Goes without saying, but no males in the dressing room so if mom can’t be there, she’ll need to ask another dance mom or responsible adult to help keep an eye out or else a female relative.

Depending on your dancer’s age and disposition, he/she may not want you in the dressing room with them because either you make them nervous or they feel responsible enough to handle things themselves.

If you’re great with hair and makeup, you’ll be a huge asset.

The dancers often help each other with hair and makeup, too and may have to do some last minute costume pinning or borrowing. It happens.

 

 

Chapter 8

Communication is Key

 

How to Communicate with the Studio or Dance Team

Tips on Communicating with your Dancer

Keeping You All Organized

 

Where would we be without smart phones and computers? In this day and age, we’re more connected than ever, and it’s still possible to miscommunicate and get our lines crossed. As more and more people are shedding landlines and using only mobile phones, it’s no wonder that’s how moms stay up to date on what’s going on in their child’s schedules. Every day we get updates from schoolteachers on what’s due when. We are definitely communicating at a much different level than our parents did with our teachers and organizations.
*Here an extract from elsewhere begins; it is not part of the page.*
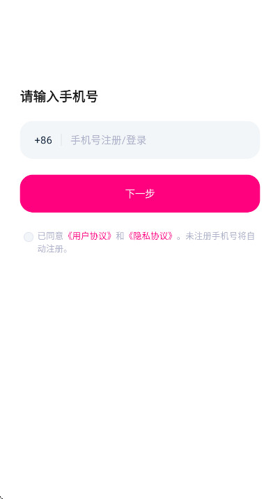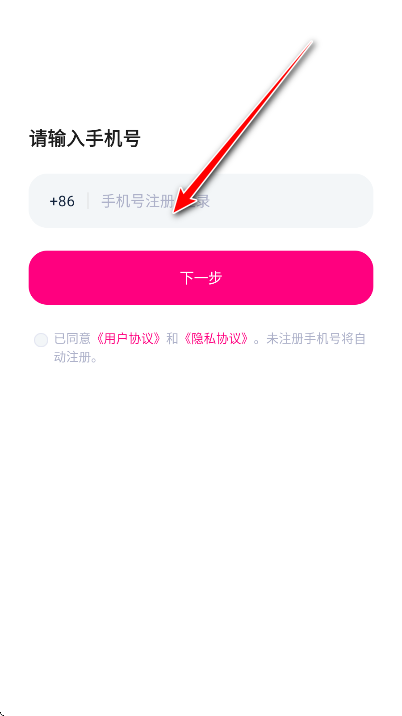 2.勾选已同意《用户协议》和《隐私协议》。未注册手机号将自动注册。,点击下一步,即可注册登录成功。

Our advice? Stay connected, keep your phone and wi-fi on and keep your calendar handy. Dancers not only can have practice several times a week, but often as competition time draws nearer, more and longer practices are called, and it’s imperative to be available when you’re at camps and competitions to know when and where your dancer is and what may be needed from you.

 

On Communicating with the Studio/Team Instructor

Make sure the studio/school has your contact information – email, cell phone, secondary phone number.

Make sure you understand the studio’s expectations upfront so you don’t get surprised throughout the year.
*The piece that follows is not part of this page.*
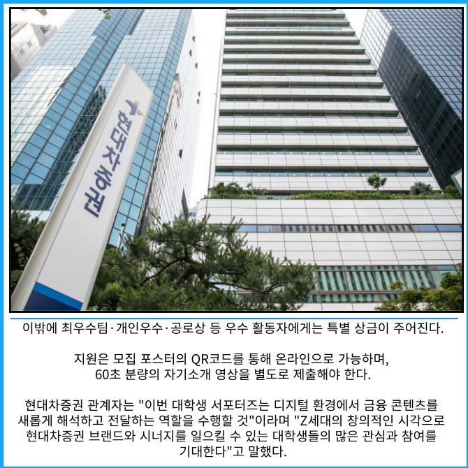 [프라임경제] 현대차증권은 MZ세대와의 소통 강화를 위한 브랜드 캠페인의 일환으로 '대학생 서포터즈 2기'를 모집한다고 19일 밝혔다.

When the studio hands out paperwork with dates and obligations, go ahead and put those in your calendar and on your dancer’s calendar so you can avoid any conflicts, and remember, if you are on the competition team, dancing takes priority over the other activities you may be involved in so likely you’ll need to reschedule the conflicting event.

If you aren’t sure about something, ask for clarification. We believe most dance studios strive for transparency. Everyone “on the same page” benefits all.

If you aren’t getting communication (or it’s going only to your dancer), ask that you be added to the call or email list.

Special occasions such as competitions, camps and recitals can be stressful on the studios, so ask how you can help. The older dancers may be asked to step up and mentor or assist the younger dancers, and help from moms is always appreciated.

Dance Moms may be asked to carpool. If you aren’t up for that, say so, but often it’s standard for moms to take the dancers whose parents are unable to go.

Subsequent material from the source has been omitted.